Thorax 2012;67:296–301.

http://dx.doi.org/10.1136/thoraxjnl-2011-200736

This is the 5-year report on the Danish Lung Cancer Screening Trial. 4104 healthy heavy smokers or former smokers were randomised to five annual low-dose CT screenings versus no screening (usual care). Nodules 5–15mm diameter were rescanned after 3 months, and nodules increasing in size (>25% volume increase and/or volume doubling time < 400 days) or nodules > 15mm diameter were referred for diagnostic work-up. Participation rates were high in both groups (screening 95.5%, control 93.1%, P<0.001). More lung cancers were diagnosed in the screening group (69 vs 24, P<0.001) but most were low stage (48 vs 21 stage I — IIB non-small cell and limited stage small cell lung cancer, P=0.002). Pick-up rates of high-stage lung cancer were the same in both groups (21 vs 16 stage IIIA — IV non-small cell and extensive stage small cell lung cancer, P=0.509). 61 patients died in the screening group and 42 in the control group (P=0.059), with 15 and 11 dying of lung cancer, respectively (P=0.428). Therefore, CT screening increases the diagnostic pick-up of early lung cancer, but at this stage no reduction in mortality has been observed.

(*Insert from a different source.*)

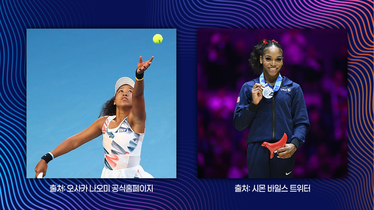 실제로 프랑스 테니스 스타 오사카 나오미는 정신건강상의 문제를 호소하며 기자회견에 불참했던 적이 있고, 2020 도쿄올림픽에 출전한 미국 체조선수 시몬 바일스는 자신의 정신건강을 지키기 위해 대부분의 경기에 기권하기도 했어. 이외에도 수많은 세계적인 선수들이 정신적인 문제를 겪고 있다는 사실을 밝혀오고 있지.

Rivaroxaban: an oral factor Xa inhibitor to treat pulmonary embolism

The EINSTEIN-PE Investigators. Oral rivaroxaban for the treatment of symptomatic pulmonary embolism.

NEJM 2012;366:1287–97.

http://www.nejm.org/doi/full/10.1056/NEJMoa1113572

Anti-coagulant treatment with warfarin carries an increased risk of bleeding and can be a real inconvenience for patients particularly if they need frequent blood test monitoring. This was a randomised open-label non-inferiority trial comparing rivaroxaban (a factor Xa inhibitor without the need for laboratory monitoring; 15mg twice daily for 3 weeks followed by 20mg once daily) versus standard therapy (enoxaparin followed by a vitamin K antagonist) for 3, 6, or 12 months. 4832 patients with acute symptomatic pulmonary embolism with or without deep vein thrombosis were recruited. The primary outcome was symptomatic recurrent venous thromboembolism (VTE), and the principal safety outcome was major or clinically relevant bleeding. Rivaroxaban was non-inferior to standard therapy, with 50 VTE events in the rivaroxaban group (2.1%) versus 44 in the standard therapy group [hazard ratio 1.12; 95% CI 0.75 — 1.68]. Major bleeding was observed in 26 rivaroxaban patients (1.1%) versus 52 standard therapy patients (2.2%) [hazard ratio 0.49; 95% CI 0.31 — 0.79]. Rivaroxaban's non-inferior efficacy was confirmed, and its safety profile was shown to be better than standard therapy. Potentially a major advance for patients.